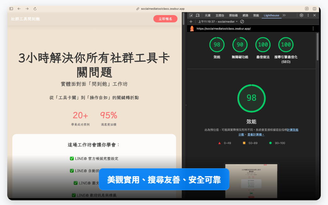 進階階段,我們打造接近商用級的 MVP,包含 SEO 優化、資安設計、響應式布局等專業功能。重點是學會如何突破線上 AI 工具的限制,開發出真正可商業化的產品。
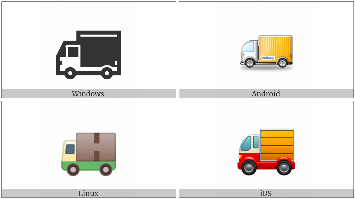 The image below shows how the “Delivery Truck” symbol might look like on different operating systems. If the font in which this web site is displayed does not contain the symbol and there is no fallback font able to render it, you can use the image below to get an idea of what it should look like.
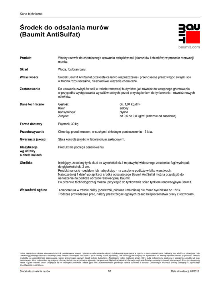 Karta techniczna Środek do odsalania murów (Baumit AntiSulfat) Produkt Wodny roztwór do chemicznego usuwania związków soli (siarczków i chlorków) w procesie renowacji murów. Skład Woda, fosforan baru. Właściwości Środek Baumit AntiSulfat przekształca łatwo rozpuszczalne i przenoszone przez wilgoć związki soli w trudno rozpuszczalne, nieszkodliwe wiązania chemiczne. Zastosowanie Do usuwania związków soli w trakcie renowacji budynków, jak również do wstępnego gruntowania w przypadku występowania wykwitów solnych, przed przystąpieniem do tynkowania - również nowych obiektów. Dane techniczne Gęstość: Kolor: Konsystencja: Zużycie: Forma dostawy Pojemnik 30 kg Przechowywanie Chroniąc przed mrozem, w suchym i chłodnym pomieszczeniu - 2 lata. Gwarancja jakości Stała kontrola jakości w laboratorium zakładowym. Klasyfikacja wg ustawy o chemikaliach Produkt nie podlega oznakowaniu. Obróbka Istniejący, zasolony tynk skuć do wysokości ok.1 m powyżej widocznego zasolenia; fugi wydrapać do głębokości ok. 2 cm. Produkt nanosić - pędzlem lub natryskując - na zasolone podłoże w kilku warstwach. Najwcześniej 1 dzień po aplikacji środka odsalającego Baumit AntiSulfat można przystąpić do nanoszenia na podłoże obrzutki renowacyjnej Baumit. Po przerwie technologicznej można przystąpić do tynkowanie ścian tynkiem renowacyjnym Baumit. Wskazówki ogólne Temperatura w trakcie pracy (powietrza, podłoża i materiału) nie może być niższa od +5oC. Podczas prowadzenia prac, należy przestrzegać ogólnych zasad bezpieczeństwa pracy z roztworami. ok. 1,04 kg/dm3 zielony płynna od 0,5 do 0,8 kg/m2 (zależnie od zasolenia) Nasze zalecenia w zakresie stosowanych technik, przekazywane słowem i pismem w celu wsparcia nabywcy (użytkownika) opracowane w oparciu o nasze doświadczenia i aktualny stan wiedzy są niewiążące i nie uzasadniają prawnego stosunku umownego oraz żadnych zobowiązań ubocznych z tytułu umowy kupna (sprzedaży). Nie zwalniają one nabywcy od sprawdzenia na własną odpowiedzialność przydatności naszych produktów do przewidzianego zastosowania. Należy przestrzegać ogólnych zasad techniki budowlanej. Zastrzegamy sobie możliwość zmian, które służą technicznemu postępowi i ulepszeniu produktu lub jego zastosowaniu. Wraz z ukazaniem się niniejszej informacji technicznej wcześniejsze jej wersje tracą ważność. Najbardziej aktualne informacje znajdziecie Państwo na naszych stronach internetowych. Poza tym obowiązują nasze "Ogólne warunki umów" znajdujące się w katalogach produktów. Nasza gęsta sieć przedstawicielstw gwarantuje szybkie doradztwo i dostawy. Dodatkowych informacji prosimy zasięgnąć u najbliższego przedstawiciela regionalnego. Środek do odsalania murów 1/1 Data aktualizacji: 09/2012
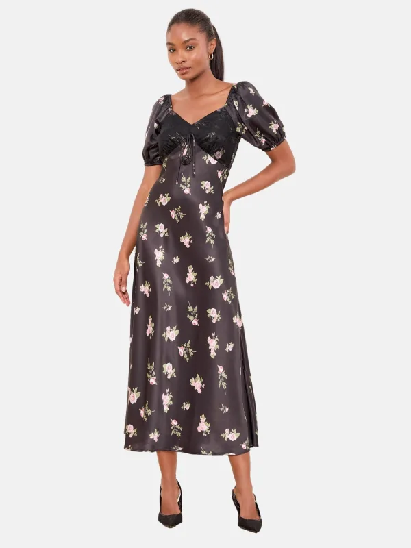 Design: Elastische taille/zoom, Pofmouwen, Elastische inzetstukken; Materiaal: Satijn; Halstype: V-hals; Motief: Bloemenprint; Details: Gedrapeerd; Extra's: All-over patroon; Lengte: 7/8 lengte; Snit: Getailleerd; Pasvorm: Slanke pasvorm; Armlengte: Kwartmouw
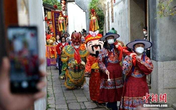 图为福州三坊七巷天后宫举行“迎财神”民俗巡游活动,吸引许多人驻足观看。吕明 摄
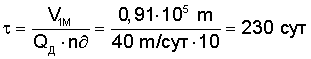 Тогда время работы добывающих скважин для образования такого остаточного слоя с учетом того, что общее количество добывающих скважин nд=10 составит:
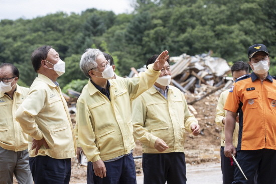 이 지사는 오후에는 가평군 가평읍 산유리로 이동해 산사태 사고 현장을 점검했다. 이곳에서는 지난 3일 토사유출로 인해 펜션이 무너져 3명이 사망하는 매몰사고가 일어났다.

□ □ □ □ □

Work order – What you give back should be the full material above, retyped exactly, with every image removed.

Result –
 進階階段,我們打造接近商用級的 MVP,包含 SEO 優化、資安設計、響應式布局等專業功能。重點是學會如何突破線上 AI 工具的限制,開發出真正可商業化的產品。
 The image below shows how the “Delivery Truck” symbol might look like on different operating systems. If the font in which this web site is displayed does not contain the symbol and there is no fallback font able to render it, you can use the image below to get an idea of what it should look like.
 Karta techniczna Środek do odsalania murów (Baumit AntiSulfat) Produkt Wodny roztwór do chemicznego usuwania związków soli (siarczków i chlorków) w procesie renowacji murów. Skład Woda, fosforan baru. Właściwości Środek Baumit AntiSulfat przekształca łatwo rozpuszczalne i przenoszone przez wilgoć związki soli w trudno rozpuszczalne, nieszkodliwe wiązania chemiczne. Zastosowanie Do usuwania związków soli w trakcie renowacji budynków, jak również do wstępnego gruntowania w przypadku występowania wykwitów solnych, przed przystąpieniem do tynkowania - również nowych obiektów. Dane techniczne Gęstość: Kolor: Konsystencja: Zużycie: Forma dostawy Pojemnik 30 kg Przechowywanie Chroniąc przed mrozem, w suchym i chłodnym pomieszczeniu - 2 lata. Gwarancja jakości Stała kontrola jakości w laboratorium zakładowym. Klasyfikacja wg ustawy o chemikaliach Produkt nie podlega oznakowaniu. Obróbka Istniejący, zasolony tynk skuć do wysokości ok.1 m powyżej widocznego zasolenia; fugi wydrapać do głębokości ok. 2 cm. Produkt nanosić - pędzlem lub natryskując - na zasolone podłoże w kilku warstwach. Najwcześniej 1 dzień po aplikacji środka odsalającego Baumit AntiSulfat można przystąpić do nanoszenia na podłoże obrzutki renowacyjnej Baumit. Po przerwie technologicznej można przystąpić do tynkowanie ścian tynkiem renowacyjnym Baumit. Wskazówki ogólne Temperatura w trakcie pracy (powietrza, podłoża i materiału) nie może być niższa od +5oC. Podczas prowadzenia prac, należy przestrzegać ogólnych zasad bezpieczeństwa pracy z roztworami. ok. 1,04 kg/dm3 zielony płynna od 0,5 do 0,8 kg/m2 (zależnie od zasolenia) Nasze zalecenia w zakresie stosowanych technik, przekazywane słowem i pismem w celu wsparcia nabywcy (użytkownika) opracowane w oparciu o nasze doświadczenia i aktualny stan wiedzy są niewiążące i nie uzasadniają prawnego stosunku umownego oraz żadnych zobowiązań ubocznych z tytułu umowy kupna (sprzedaży). Nie zwalniają one nabywcy od sprawdzenia na własną odpowiedzialność przydatności naszych produktów do przewidzianego zastosowania. Należy przestrzegać ogólnych zasad techniki budowlanej. Zastrzegamy sobie możliwość zmian, które służą technicznemu postępowi i ulepszeniu produktu lub jego zastosowaniu. Wraz z ukazaniem się niniejszej informacji technicznej wcześniejsze jej wersje tracą ważność. Najbardziej aktualne informacje znajdziecie Państwo na naszych stronach internetowych. Poza tym obowiązują nasze "Ogólne warunki umów" znajdujące się w katalogach produktów. Nasza gęsta sieć przedstawicielstw gwarantuje szybkie doradztwo i dostawy. Dodatkowych informacji prosimy zasięgnąć u najbliższego przedstawiciela regionalnego. Środek do odsalania murów 1/1 Data aktualizacji: 09/2012
 Design: Elastische taille/zoom, Pofmouwen, Elastische inzetstukken; Materiaal: Satijn; Halstype: V-hals; Motief: Bloemenprint; Details: Gedrapeerd; Extra's: All-over patroon; Lengte: 7/8 lengte; Snit: Getailleerd; Pasvorm: Slanke pasvorm; Armlengte: Kwartmouw
 图为福州三坊七巷天后宫举行“迎财神”民俗巡游活动,吸引许多人驻足观看。吕明 摄
 Тогда время работы добывающих скважин для образования такого остаточного слоя с учетом того, что общее количество добывающих скважин nд=10 составит:
 이 지사는 오후에는 가평군 가평읍 산유리로 이동해 산사태 사고 현장을 점검했다. 이곳에서는 지난 3일 토사유출로 인해 펜션이 무너져 3명이 사망하는 매몰사고가 일어났다.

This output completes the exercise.